Posted on: April 04, 2013 09:00 EDT by Jessica Clark

The Naval Academy Ethics Team recently received first place in the Berg Cup Competition, a nationally-known undergraduate business ethics competition held each spring at the University of Pittsburgh.

The competition draws some of the top business schools in the country, including the University of Pennsylvania’s Wharton School of Business, the Kenan-Fladger Business School at UNC, and the Olin School of Business.

The competition requires the competing teams to role play a scenario testing their understanding of business ethics. This year the teams played a strategic planning group for a bank reporting to the bank’s board of directors, played by the competition’s judges. The case involved decisions on adopting mobile banking, marketing pre-paid debit cards, cyber crime as well as dealing with the conflicting personalities of the board members.

The teams had five days to prepare for their presentation to the “board,” but were also tested by a last minute emergency situation in which they discovered some of the bank’s accounts had been hacked. This forced the team to make on-the-spot decisions on how to inform the public and how to recoup losses for the depositors and the bank.

“The role playing is quite intense in this portion of the competition,” said Dr. Shawn Baker, assistant director of the Naval Academy’s Stockdale Center for Ethical Leadership. “The midshipmen’s coolness under pressure and grasp of the ethical implications were so keen that we had a judge go out of his way to send an e-mail praising them afterward.”

“We won the competition because when faced with pressure, we calmly responded to the inquiries of the judges and had a clear path laid out to deal with the problem at hand,” said Midshipman 1st Class Daniel Roberts.

While the competition focused on business ethics, Roberts said it required skills that are important in military decision making as well.

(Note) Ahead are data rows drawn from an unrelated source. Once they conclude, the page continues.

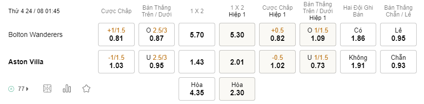 Soi kèo châu Á Bolton vs Aston Villa: 0.81*1/1.5*1.03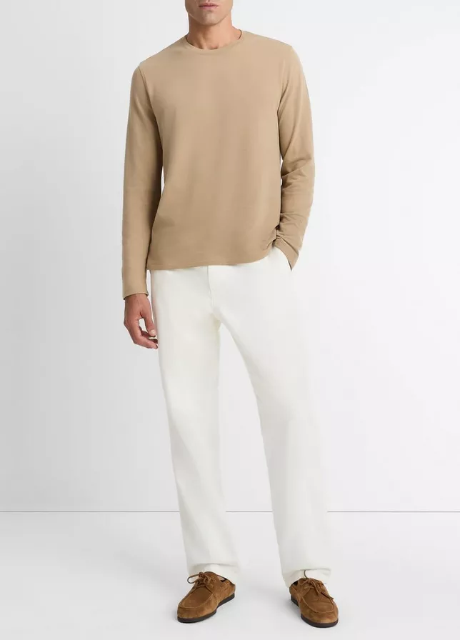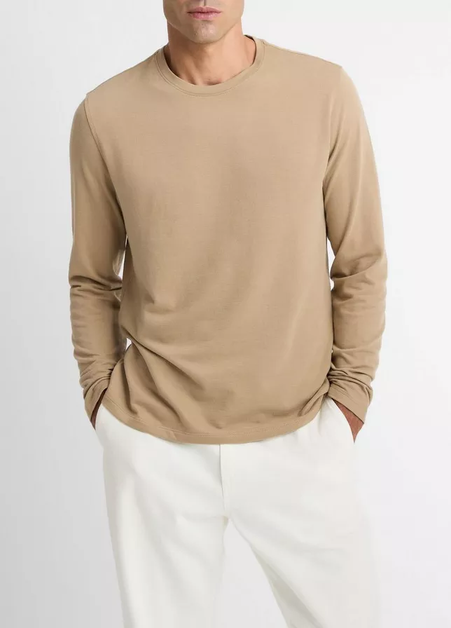 The Birdseye Jacquard Pima Cotton Long-Sleeve T-Shirt in gray from Vince features: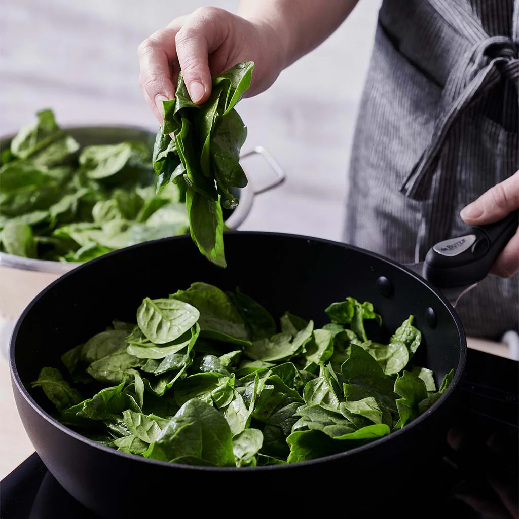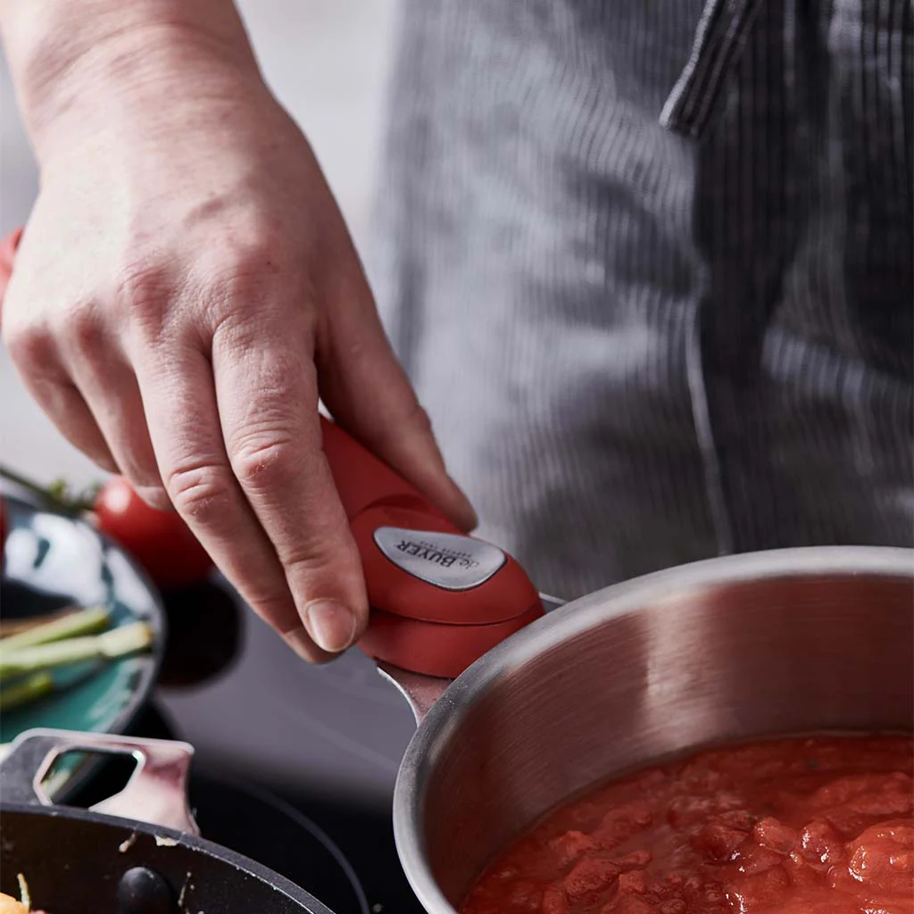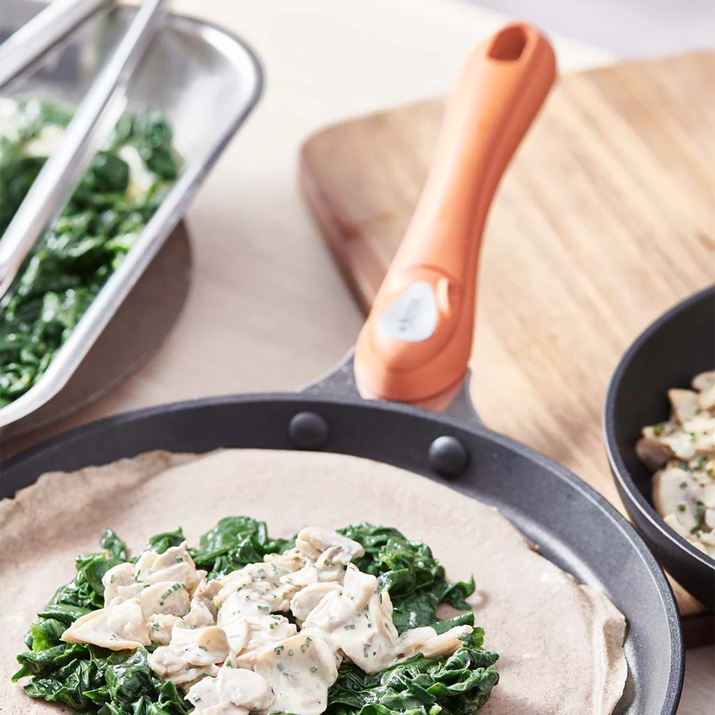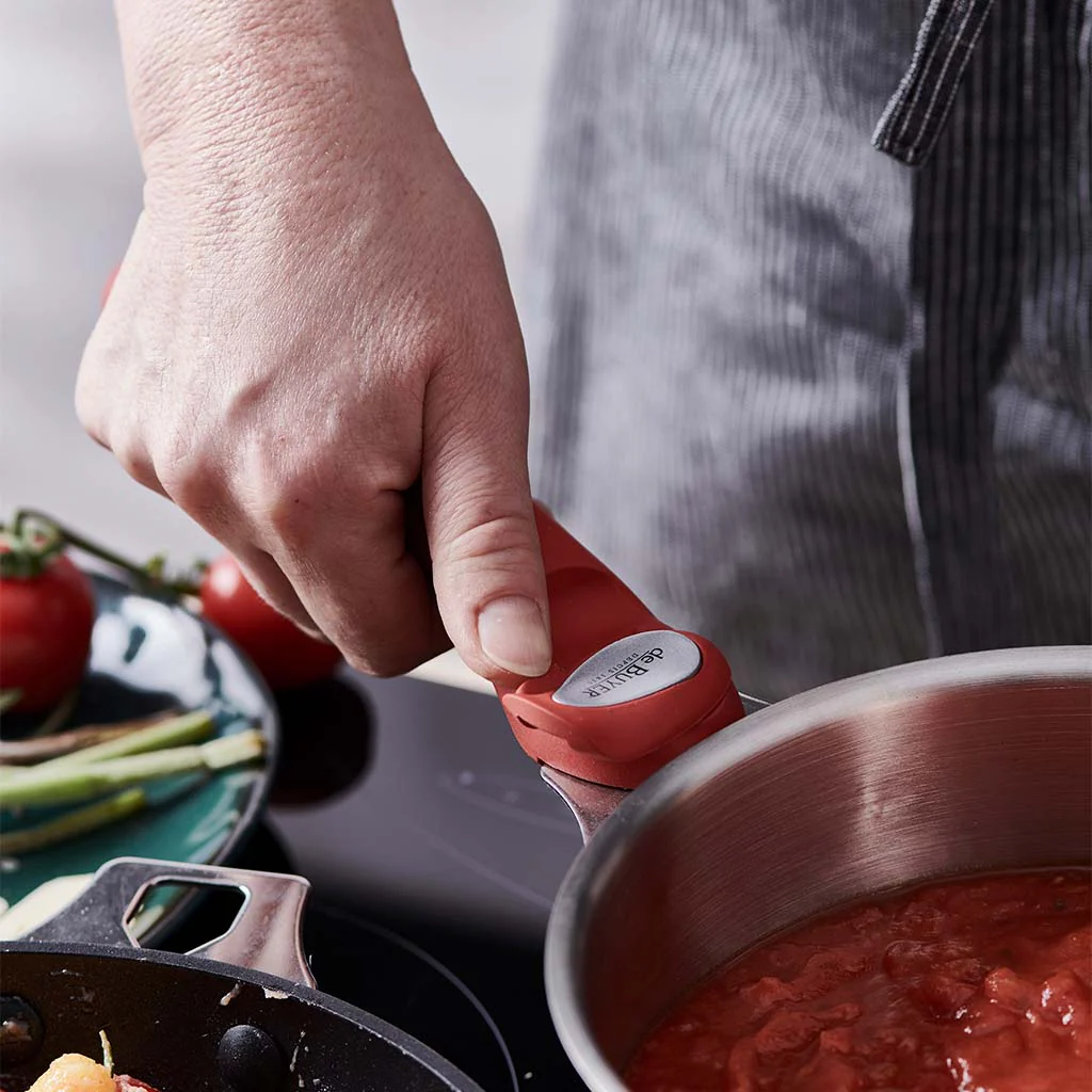 El mango se puede colocar y quitar con una sola mano (empujando el cabezal con el pulgar) y queda firmemente sujeto a la sartén. Disponible en varios colores.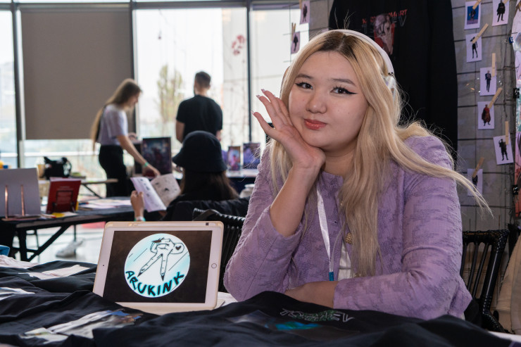 На Almacon Аружан представила свою коллекцию стикеров, значков, футболок, свитшотов, толстовок и сумок-шоперов. "Хотела бы поблагодарить медиахолдинг "Телерадиокомплекс Президента РК" за то, что помогли мне принять участие в Almaсon", - заключила девушка.

“Thinking out of the box and being straightforward, proactive thinkers propelled us to win in the finals,” said Roberts. “Being on the team has taught me how to critically evaluate ethical situations and how to make sound moral decisions even in the face of adversity. I have certainly grown as a person and hope to take these experiences into my career.”

As a senior, the Berg Cup was Roberts’ last competition with the Ethics Team, but he’s pleased to be leaving with a major win.

“I’m leaving the team in a better place than when I joined and set up for future success,” he said. “I was able to end my ethics team career with a win against the best competition in the country.”